The bars are really out there,and with it being rip tide season...


----------



## SurfRat (Apr 16, 2005)

Caught a big blue in the surf today in the Ormond-by-the-Sea area on frozen mullet.
No other strikes; must be a leader heading north. Didn't see any bait fish or birds in the area.
Caught alot of sun and peace of mind the rest of the day


----------



## BSarr712 (Apr 21, 2011)

Hey guys...I've been at the surf fishing very sporadically over the past 2-3 years and have had some ok success, but nothing really good. I am headed over to Ormond by the Sea tomorrow. Any reports on if the whiting are hitting out there? I generally use frozen shrimp, but have heard differing reports on whether or not there really is a huge advantage to using live shrimp. Any other tips for rigs? I generally use a fish finder rig with a 2-4 oz sinker depending on the surf. I also have used the typical pomp set up (drop loop) with limited success.

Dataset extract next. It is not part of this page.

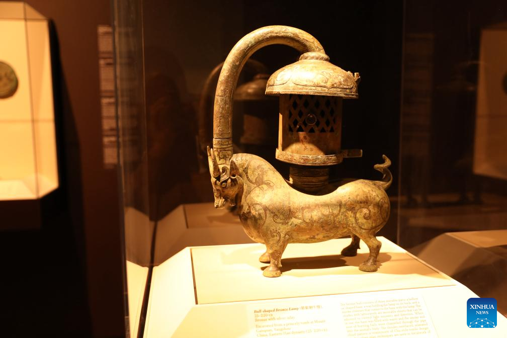 Photo taken on Sept. 6, 2023 shows a bull-shaped bronze lamp dating back to the Han Dynasty during an exhibition on treasures from China's Yangtze River Delta region at the Cleveland Museum of Art in Cleveland, Ohio, the United States. Grains of carbonized rice from about 10,000 years ago, together with over 200 other rare items, were exhibited in a show on treasures from China's Yangtze River Delta region at the Cleveland Museum of Art (CMA) in the U.S. state of Ohio. (Xinhua/Shi Chun)

My in-laws are paying for the room and taking us down there and I'd love nothing more than to haul in a few whiting or pomps to cook up and earn some brownie points  

I've done a lot of research, but the problem with the internet is you seem to get a lot of conflicting info. 

If anyone local has any good info, I sure would be greatful and appreciate it.

Thanks ahead of time folks. Happy fishing!


----------



## SurfRat (Apr 16, 2005)

Best Surf fishing around Ormond Beach is along the coast just north of Ormond Beach toward Flager. Take A1A north, once you are past the last condos on the beachside you will find many places with beach access where you can pull off the road and park:
Across from the following streets: Sea crest (There is a Bait Shop here also), Spanish Waters Dr (coastal watch tower), Briggs Rd, Sandpiper ridge, Avalon, Bass Ave, Plaza and High Bridge (about 2mi north of plaza)
. You will be fishing for Blues, Spanish mackerel, cobia and whiting. 
- 1 bag of frozen dead shrimp
- Cut finger mullet, cut into 4 pieces, use middle two pieces
- Peel your shrimp & thread it onto the hook tail-end first, leaving the hook a little bit exposed coming out of the fattest part of the shrimp.
If Blue fish are schooling use a 2-3oz silver spoon (gator or crock w/ 3 hook trailer.
- Cast out into the surf
- Keep your finger on the line
- Reel in fish when it gets bumped. 
Worst case scenario, you’ll at least catch some sun and peace of mind


----------